Star Trek: Picard should have given Sela the plotlines that Star Trek: The Next Generation did not
Many fans were excited about how PIC would continue TNG while making its own story. Fans got to see their beloved crew together again and revisit canon in new ways. Q and Picard became unexpected allies, aliens from other series were encountered by the crew, new species were created, and arcs were acknowledged or wrapped up. yet once again Sela was not given a proper send-off.
Sela did not receive some of the depth her mother’s fellow crew members did, but PIC was the perfect opportunity to do so. As the half-human, half-Romulan commander who attempted to over mine the Klingon-Federation alliance and then tried to halt Spock’s attempts to reunite Vulcans and Romulans, Sela could easily have become a political rival to Picard in much the same way Gul Dukat or Kai Win Adami became to Captain Benjamin Sisko on Star Trek: Deep Space Nine. Both of these DS9 antagonists tried to destabilize the Federation and Starfleet’s precarious presence on DS9, utilizing everything from political factions to religious unrest to force Sisko and his allies out.
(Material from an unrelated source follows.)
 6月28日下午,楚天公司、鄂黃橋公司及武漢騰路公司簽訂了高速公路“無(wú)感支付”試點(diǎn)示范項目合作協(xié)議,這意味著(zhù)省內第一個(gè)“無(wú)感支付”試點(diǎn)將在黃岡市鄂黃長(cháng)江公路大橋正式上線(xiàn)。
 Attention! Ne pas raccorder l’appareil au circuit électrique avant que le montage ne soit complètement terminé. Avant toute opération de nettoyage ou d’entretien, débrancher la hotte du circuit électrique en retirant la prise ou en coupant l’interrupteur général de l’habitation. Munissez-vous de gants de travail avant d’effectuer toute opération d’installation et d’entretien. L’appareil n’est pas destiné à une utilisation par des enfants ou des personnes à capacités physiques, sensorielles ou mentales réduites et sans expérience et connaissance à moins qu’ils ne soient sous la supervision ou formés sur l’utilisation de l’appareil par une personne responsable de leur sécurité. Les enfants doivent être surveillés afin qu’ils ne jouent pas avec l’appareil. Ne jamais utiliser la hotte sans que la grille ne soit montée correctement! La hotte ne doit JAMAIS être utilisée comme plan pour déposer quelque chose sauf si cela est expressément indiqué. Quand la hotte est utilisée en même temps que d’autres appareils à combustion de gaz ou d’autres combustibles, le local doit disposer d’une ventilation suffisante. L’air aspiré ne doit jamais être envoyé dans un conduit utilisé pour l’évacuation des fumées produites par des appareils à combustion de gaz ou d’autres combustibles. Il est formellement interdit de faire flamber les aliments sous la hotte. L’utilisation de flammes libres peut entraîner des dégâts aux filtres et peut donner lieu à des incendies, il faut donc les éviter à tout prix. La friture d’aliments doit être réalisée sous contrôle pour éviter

There was even a tempting hint for a truly terrifying alliance as Sela supplied materials, including weapons, to the Klingon sisters B’Etor and Lursa, of the House of Duras. B’Etor and Lursa constantly worked against Picard in TNG, Sisko in DS9, the Federation itself, and to some extent the Klingon Empire to grab power for themselves, to the point that Gowron, the leader of the Klingon Empire, regarded them as ruthless and cunning. Their family, the House of Duras, had embedded themselves into the High Council so deeply that their own unscrupulous natures and lack of honor have given them far more power than other families. Sela herself was a brilliant strategist with a similar drive so had the three allied themselves to each other, they might even have created an alternate timeline where the Federation-Klingon alliance was replaced by Klingons overthrowing the Federation and the Romulans conquering the Vulcans. Would this alliance have created a new empire where the Klingons and Romulans worked together to oppress the Federation and Vulcans, turning the power structure of the Alpha Quadrant on its head?
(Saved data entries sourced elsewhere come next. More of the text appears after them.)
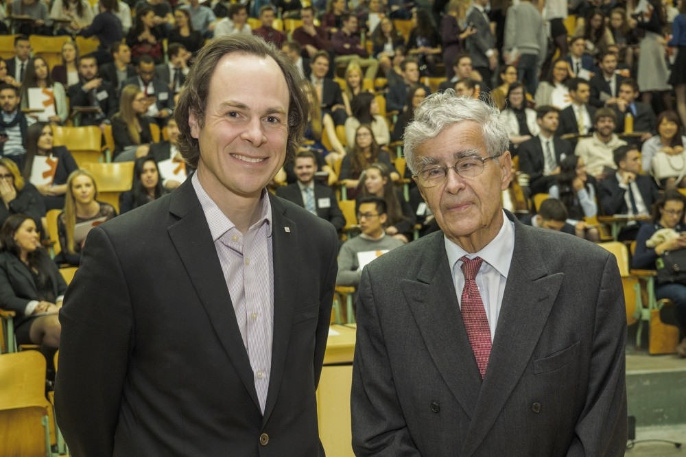 D’entrée de jeu, le doyen Sébastien Lebel-Grenier s’est entretenu avec l’honorable juge Louis LeBel, qui a généreusement répondu à ses questions et à celles des étudiants. En toute simplicité, le juge LeBel a relaté sa vie d’étudiant, sa carrière de juriste et son ascension au sein de la magistrature. Diplômé de l’Université Laval et de l’Université de Toronto, Louis LeBel a d’abord pratiqué comme avocat au sein de trois cabinets, y compris Grondin, LeBel, Poudrier, Isabel, Morin & Gagnon en qualité d’associé. Auteur de divers ouvrages et articles, il a notamment été membre du comité de rédaction de la Revue du Barreau et de la corporation du Centre communautaire juridique de Québec. Il a également été vice-président, puis bâtonnier du Barreau du Québec.
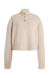 The Rowe Cropped Cashmere Henley Sweater taupe
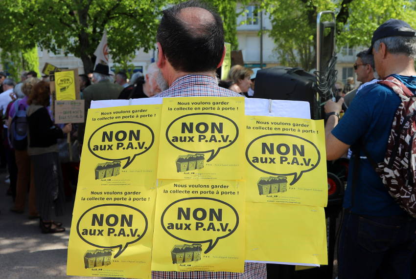 Sur l’air des lampions, ce slogan martelé à la sono semble donner le rythme au défilé : « les poubelles, c’est notre affaire, on ne se laissera pas faire… ». Pour nombre de personnes présentes, la précipitation à voir modifier l’existant, sans concertation préalable ne « passe » pas : « on a tenté de discuter, de parlementer mais le projet a été voté et nous citoyens, nous sommes retrouvés devant une situation qui semble pour beaucoup d’entre nous aberrante… ».
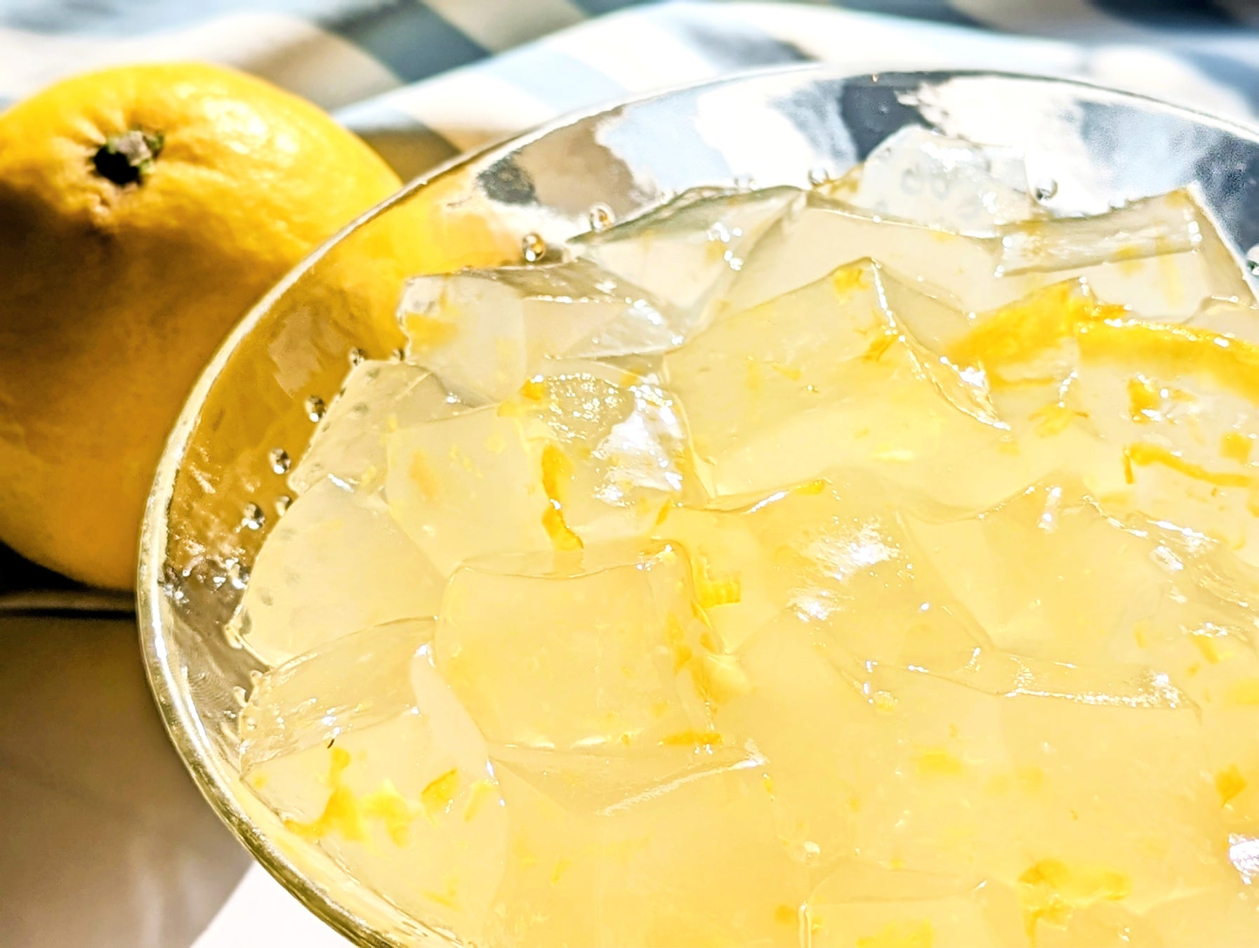 日向夏の風味が爽やかで、初夏にピッタリなゼリーです。オレンジピールのほろ苦さと香りが、日向夏の甘酸っぱさのアクセントになり、ファンも多い一品です。

Sela had the potential to be a true villain in the Star Trek franchise, ruthlessly overturning the power structure of the entire quadrant and had the alliance between her and the women who were really the power of the House of Gowron been built up, PIC may have been able to flesh out a very underutilized villain into the true threat to the Alpha Quadrant she could have been. As it stands now, Sela left the franchise in a very unfulfilling manner, leaving fans frustrated with how Sela followed in her mother’s footsteps.